Tuesday, July 24, 2007

Return from 14th century Norway

Making a leap from medieval Norway to 21st century Canada is not only difficult conceptually. In addition to "imagination lag" from a world rich in myth and redolent of saga, there's the physical effect of too many airports and airlines and customs declarations ("Anything to declare?" -- "I declare that I'm thoroughly fed up with standing in long lines of tired people.") not to mention the discombobulation of sleep patterns (despite the faithful ingestion of "No Jet Lag" homeopathic tablets) and the disorientation of returning to a house that looks almost as neglected after my absence as the 10th century Viking farmstead in Iceland that I visited with a group of storytellers.

Therein lies a tale -- which is that I intend this blog to spin. I already have two blogs in what might be called "cut-out limbo" as a renowned CBC radio music host once described his program which highlighted LPs no longer in circulation. Physically -- again -- typing on a keyboard is a far remove from weaving on a loom, moving the shuttle back and forth, the weft creating the story on the firmly strung warp, or even from shaping images with knitting needles or tapestry needles, magically creating a tale from seemingly thin air. Perhaps thin air is the connection, given that reality in a digital age is "virtual", as in non-corporeal, and that try as we might to see or even imagine the Emperor's dazzling new suit of clothes, he remains naked.

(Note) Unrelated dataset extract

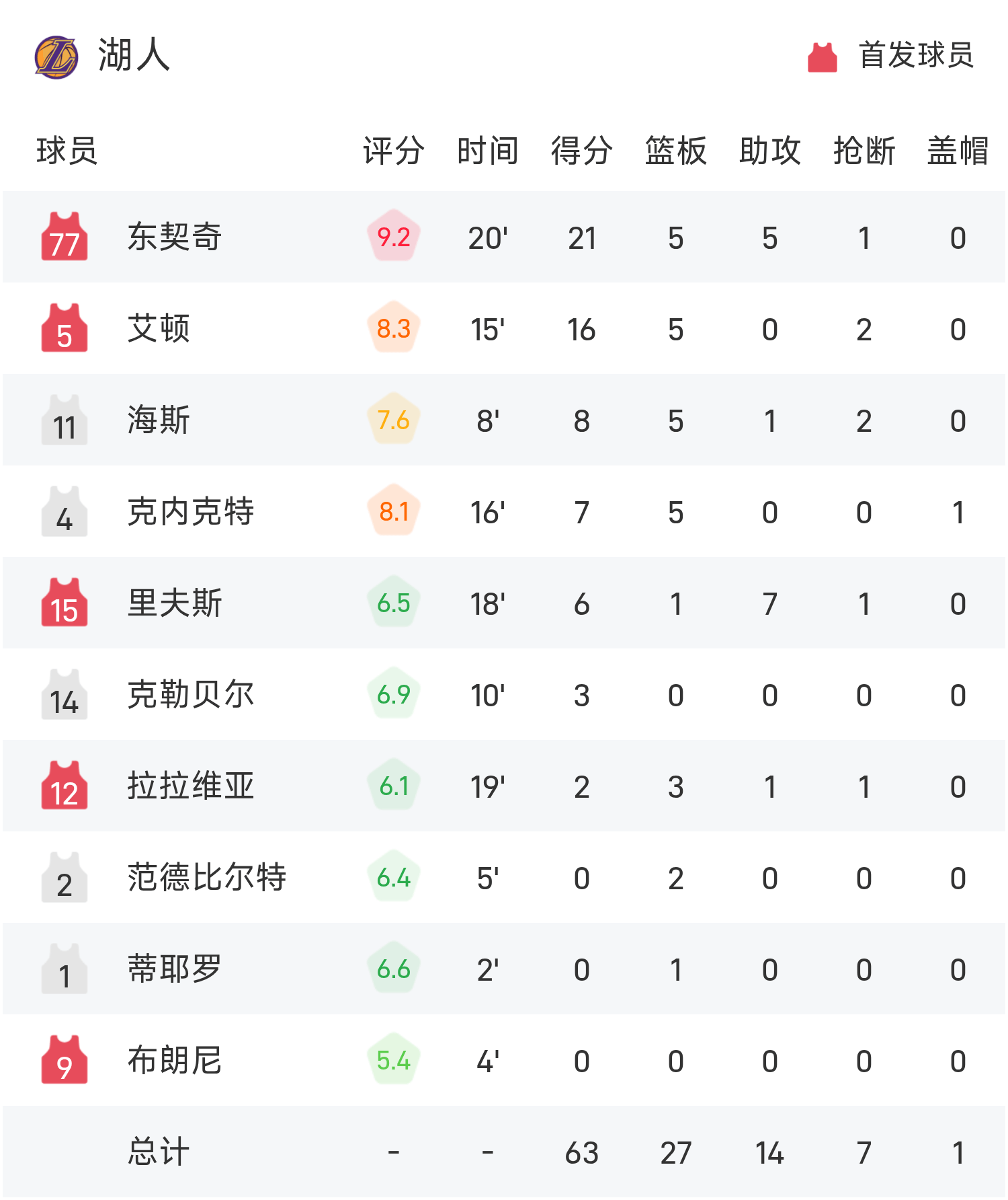 ดอนซิชทำคะแนนสูงสุดในเกม 21 แต้ม 5 รีบาวด์ 5 แอสซิสต์ อันเทโทคูมโปมี 14 แต้มและเสีย 5 แต้ม และคุซมายิง 0 จาก 6 แต้มและทำได้เพียง 1 แต้ม

And yet -- at the heart of it all -- even here in 21st century Canada we live in a continuum of stories (and there springs to mind the wonderful tale written by O.R. Melling in The Book of Dreams) and through them the connection lives between the myths that came into being in places all over the globe, waiting to be rekindled in our imaginations. We need only to listen and to read, but mostly to have our ears and eyes, hearts and mind open. The revival of storytelling in so many countries is an indication that it is not only our opposable thumbs that make us unique beings, and our upright posture, but our urge to tell stories and our love of hearing them.

While clearing papers on the dining room table, I came across a page I had printed from Mythic Passages before I left because of an article there by Terri Windling, a storyteller whose work I greatly admire, having chanced upon her novel The Wood Wife a couple of years ago in the library. I have since purchased a copy, and reread it twice now, knowing that when I am in need of re-enchantment after the onslaught of what the media insists is "news", I will return to this story. Her brief but eloquent item in Mythic Passages emphasizes the connection between place and story, and the way in which she lets "the land speak through me with its own voice." Her vision of the importance of myth and story is one that I fully honour: "just as nightly dreams reflect the realities of our waking life, the symbols found in folklore and myth (the collective dreams of entire cultures) provide useful metaphors for the journeys, struggles and transformations we encounter in modern life."